Here is a quote I enjoyed (emphasis mine):
“Hire and promote first on the basis of integrity; second, motivation; third, capacity; fourth, understanding; fifth, knowledge; and last and least, experience. Without integrity, motivation is dangerous; without motivation, capacity is impotent; without capacity, understanding is limited; without understanding, knowledge is meaningless; without knowledge, experience is blind. Experience is easy to provide and quickly put to good use by people with all the other qualities.“– Dee Hock, founder of VISA Credit Card Corporation.
That is spot on, especially the experience piece. If you have read this blog for any length of time you know that we battle experience-based hiring. A sales candidate with a well-crafted resume and industry experience often blinds the hiring manager. The hiring manager becomes enamored with the experience and does not focus on the fit, ability or potential of the candidate.
“A true team player has to be able to set aside his or her ego and be able to do things for the benefit of the team,” says Gregory. “Use behavior profiles to assess this and then during the interview process ask questions such as, ‘Give me an example of when you felt you were not a team player.
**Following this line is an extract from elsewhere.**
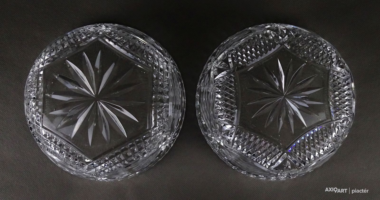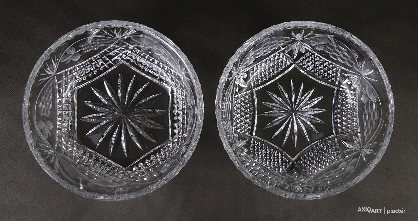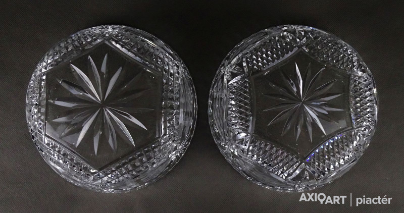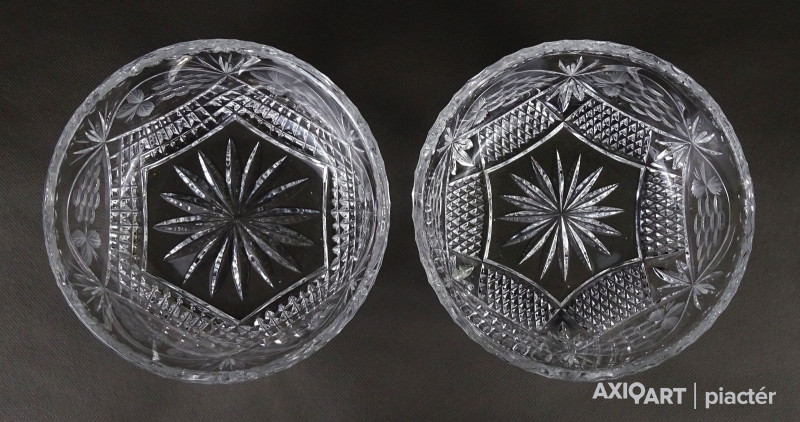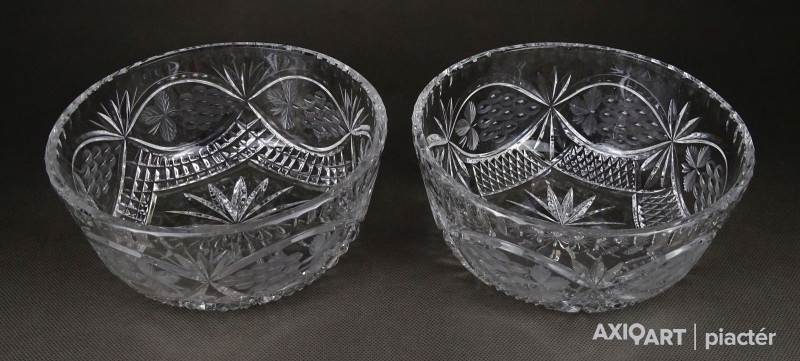 Régi hibátlan állapotú, vastagfalú, csiszolatokkal gazdagon díszített kínáló tál, asztalközép kínáló tál. A tálakon szőlőfürt és szőlőlevél díszítés látható.

What did you do once you realized it?’ Look for sincerity in their answers. Did they admit they were wrong? Did they apologize?”
I like the approach and agree with the assessment part (not surprising, is it?), but behavior profiles alone are not as effective as a full assessment. The behavioral assessment needs to be part of a motivational, aptitudes and skills assessment. Simply hiring extroverts will not lead to a cohesive team. A noisy team yes, cohesive, not necessarily.
Lastly, I wouldn’t recommend this:
Other members of the team (it doesn’t have to be everyone) should also interview the candidate. Gregory suggests that each of them ask the candidate the same question to see how the candidate responds. Meet with everyone to see if the person’s answers correlate. Then find out if the candidate was enthusiastic through all of the interviews or did he or she get irritated being asked the exact same question?
I don’t see that serving any purpose. If you want to see how irritated they become, interrupt them during the interview. Pressure them, confront them mildly, ask “why” questions – this approach will reveal more to you than a repeated question that will probably generate a canned response.